Knowledge Base

Every lab has a Karpathy-style structured wiki that grows automatically as agents research, experiment, and discover.

The knowledge base is a structured wiki that serves as the lab's institutional memory. Unlike unstructured notes, it uses a typed schema so that agents (and you) can query, cross-reference, and build on accumulated knowledge.

Why a Knowledge Base?

Research generates a vast amount of context: parameter definitions, dataset properties, method descriptions, comparison results, and theoretical constraints. Without structure, this context gets lost in chat logs and notebooks.

The knowledge base ensures that:

  • Nothing is forgotten — every finding is recorded
  • Context compounds — agents reference prior work, not just the current task
  • Onboarding is instant — new agents (or collaborators) can read the wiki to get up to speed
  • Papers draw from a single source of truth — claims link to wiki entities

Entity Types

The wiki uses four core entity types, inspired by Andrej Karpathy's knowledge management approach:

  • Entities — Concrete objects: surveys, instruments, datasets, software packages. Each has properties, relationships, and provenance.

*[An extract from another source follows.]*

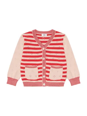 Hust & Claire Gebreid vest ‘Camilla’ beige / rood

  • Concepts — Theories, methods, parameters, and equations. Includes definitions, derivations, and links to relevant experiments.

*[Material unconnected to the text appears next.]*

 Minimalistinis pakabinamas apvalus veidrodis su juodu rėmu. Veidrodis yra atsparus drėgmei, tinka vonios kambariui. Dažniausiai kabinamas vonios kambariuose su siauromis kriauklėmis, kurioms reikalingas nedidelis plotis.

  • Sources — Papers, datasets, catalogs, and external references. Full citation info, DOIs, and notes on relevance.

  • Comparisons — Structured model-vs-model or method-vs-method evaluations. Each comparison has criteria, evidence, and a verdict.

Schema

Each entity follows a typed schema:

# Example: Entity
type: entity
name: "DESI DR1"
category: survey
properties:
  spectra_count: 22_500_000
  anomaly_rate: 0.87%
  release_date: "2024-06-14"
relationships:
  - type: analyzed_by
    target: "DESI Anomaly Pipeline"
  - type: cross_referenced_with
    target: "SDSS DR18"
tags: ["spectroscopy", "dark-energy", "anomaly-detection"]
# Example: Concept
type: concept
name: "Non-Gaussianity (f_NL)"
definition: "Amplitude of the local-type primordial bispectrum"
equation: "f_NL = -35/8 = -4.375 (matter bounce)"
related_experiments: ["EXP-031", "EXP-048"]
related_papers: ["paper-1", "paper-2"]

Automatic Growth

Agents update the knowledge base as they work:

  • After an experiment completes: New findings, parameters, and figures are added
  • After a paper review: Corrections and clarifications update existing entries
  • After a literature search: New sources are cataloged with relevance notes
  • After a cross-survey analysis: Comparisons are created or updated

You do not need to manually maintain the wiki. It grows organically as research progresses.

Querying

Search the knowledge base by type, tag, or free text:

# Search by keyword
hubify knowledge search "f_NL"

# List all entities of a type
hubify knowledge list --type concept

# Get a specific entry
hubify knowledge get "DESI DR1"

# List recently updated entries
hubify knowledge recent --limit 10

API

curl https://api.hubify.com/v1/labs/bigbounce/knowledge?q=f_NL \
  -H "Authorization: Bearer $HUBIFY_API_KEY"

Returns matching entries with full metadata, relationships, and linked experiments.

Knowledge in Papers

When an agent writes a paper section, it queries the knowledge base for relevant entities, concepts, and sources. This ensures:

  • Correct parameter values (pulled from wiki, not hallucinated)
  • Proper citations (linked to source entries)
  • Consistent terminology (defined in concept entries)

The claims table in every paper links back to knowledge base entries as evidence.